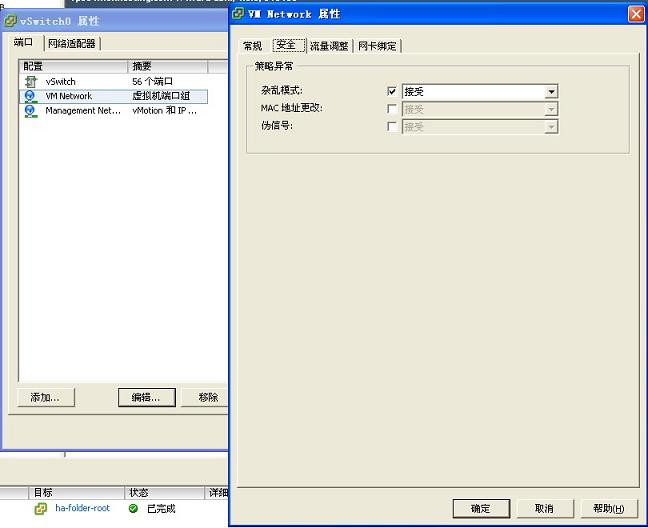 步骤3,监控主机所在两块网卡连接的虚拟交换机都要允许“杂乱模式”
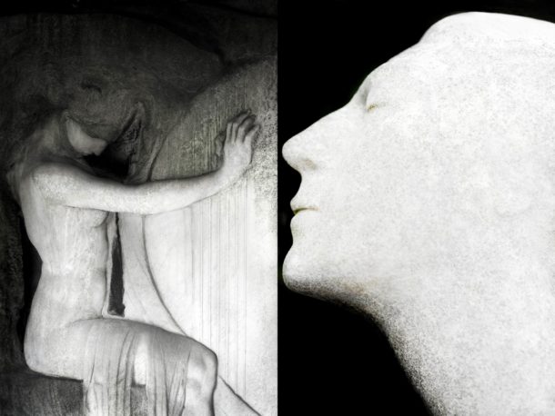 She has key works in every phase of her work. In the triptychs it is the first work in the series ‘The inner face’. In the diptychs it is also the first work. “The hand of the child, his deep desire for connection. In the spatial work ‘Pas de deux’, a work in which man dances with death.”
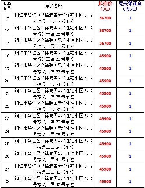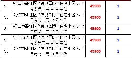 拍品編號15-33:銅仁市碧江區(qū)“錦鵬國際”住宅小區(qū)6、7號樓負(fù)一層:32號、35號、53號,負(fù)二層:32號-47號共計(jì)19個(gè)車位
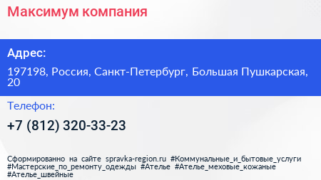 Максимум, компания по адресу 197198, Россия, Санкт-Петербург, Большая Пушкарская, 20 в дальнейшем Организация, размещена в следующих категориях:
++++++++
Each line above should be printed again exactly, though the pictures should not be.

 步骤3,监控主机所在两块网卡连接的虚拟交换机都要允许“杂乱模式”
 She has key works in every phase of her work. In the triptychs it is the first work in the series ‘The inner face’. In the diptychs it is also the first work. “The hand of the child, his deep desire for connection. In the spatial work ‘Pas de deux’, a work in which man dances with death.”
 拍品編號15-33:銅仁市碧江區(qū)“錦鵬國際”住宅小區(qū)6、7號樓負(fù)一層:32號、35號、53號,負(fù)二層:32號-47號共計(jì)19個(gè)車位
 Максимум, компания по адресу 197198, Россия, Санкт-Петербург, Большая Пушкарская, 20 в дальнейшем Организация, размещена в следующих категориях:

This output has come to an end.